At the withdrawal centre in Amstetten/Mauer, 78 drug addicts (58 male/ 20 female) were tested from a patient population. The key inclusion criteria for OST were a main diagnosis of opiate dependence according to ICD-10 [25] as well as suitable venous conditions for blood sampling. Patients’ age, sex, or ethnic background were not considered as recruitment criteria for this study. The presence of underlying allergic disease was reported in 22 of 78 cases, such as medication (n = 11), grass pollen (n = 8), food (n = 3) and insect sting (n = 2) allergies. Further clinical risk factors for anaphylaxis, comprising comorbidities such as asthma, cardiovascular disease or mastocytosis, were not recognized. In the final analysis, 56 IDU without underlying allergic disease, were included in the study population.
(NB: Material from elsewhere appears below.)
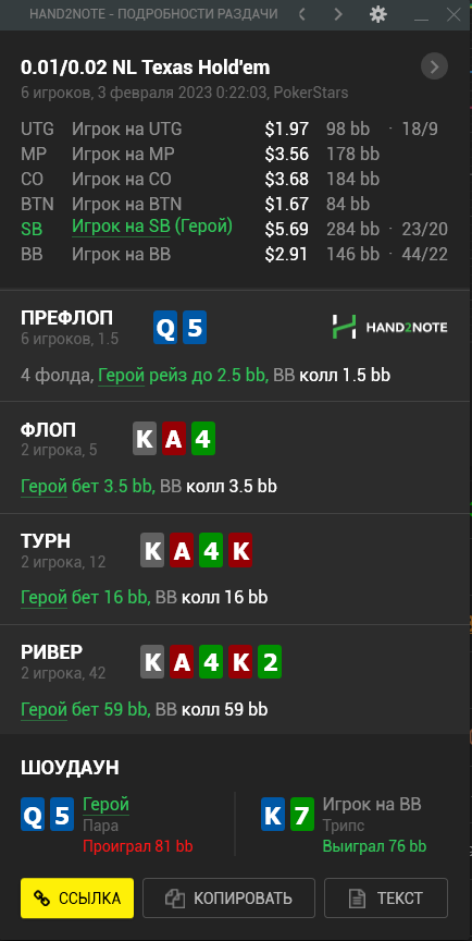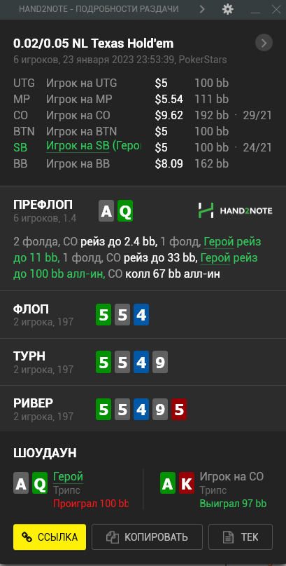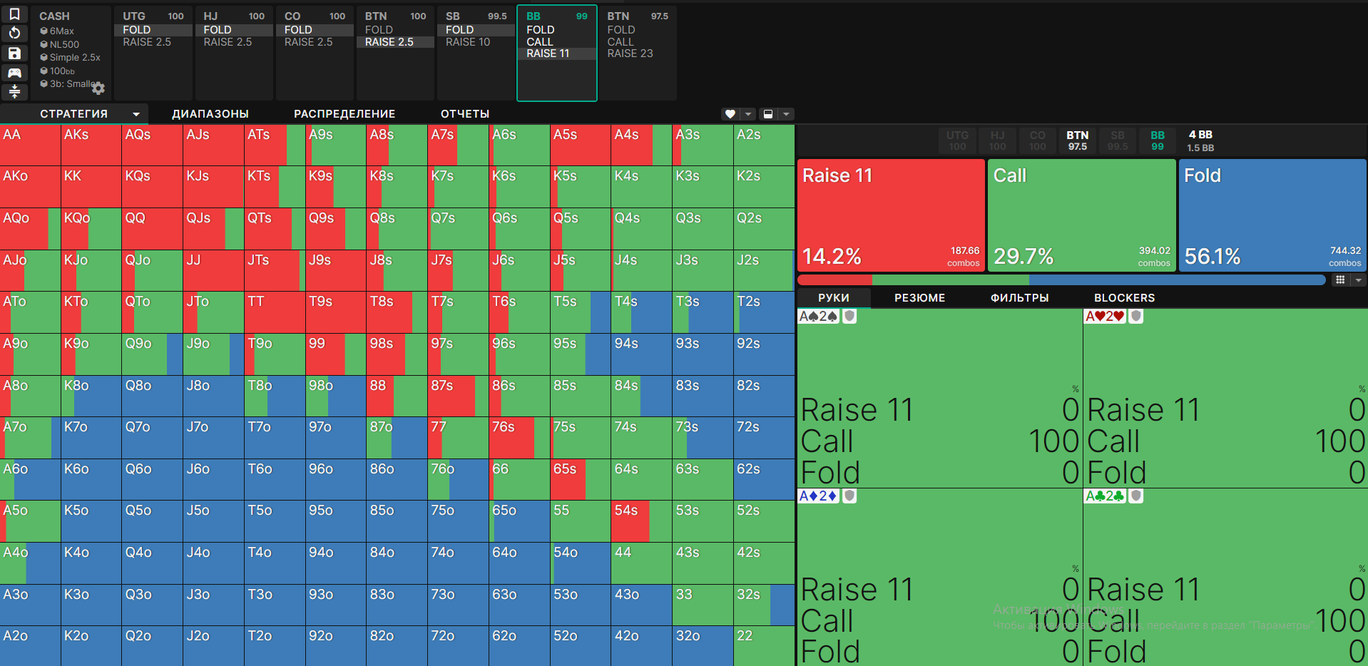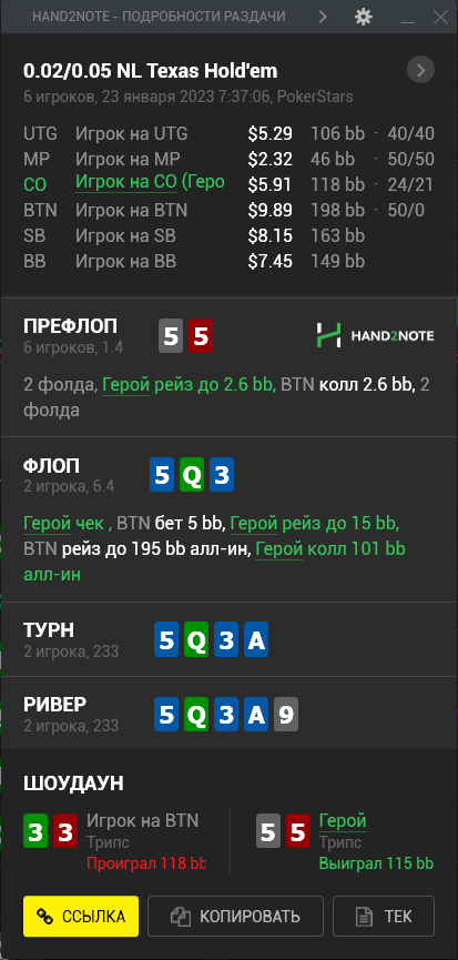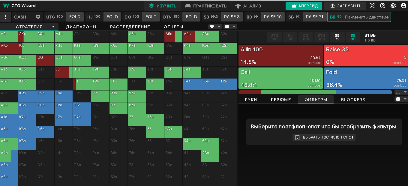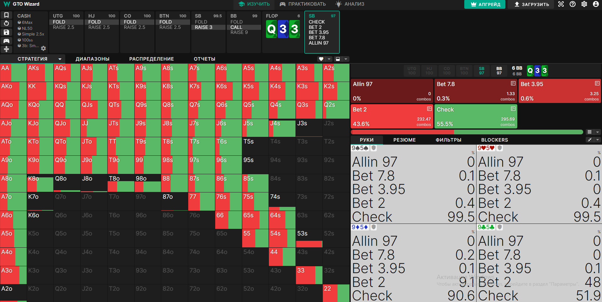 У меня проблемы в выставляшках префлоп, солверные ренжи мне кажется наёбывают меня, постоянно я снизу, особенно в поздних, где визард рекомендует пушить супер лузово. BvB ответил на 4бет пушем с QJs, SB показал ракеты и поржал надо мной.

Most subjects had a significant history of regular opioids abuse, ranging from 2 to 25 years. The mean duration of regular heroin abuse was 7 ± 5.3 years. All participants at the withdrawal centre in Amstetten/Mauer were treated with Substitol®retard. In Austria, Substitol found its role in OST programs to treat heroin addiction as a controlled, slow releasing oral medicine. It is a semi-synthetic, highly potent and long acting opioid analgesic [26]. Single substance doses varied from 120 to 1000 mg (482 ± 220 mg), depending on type of substance, duration of intake and daily dosage.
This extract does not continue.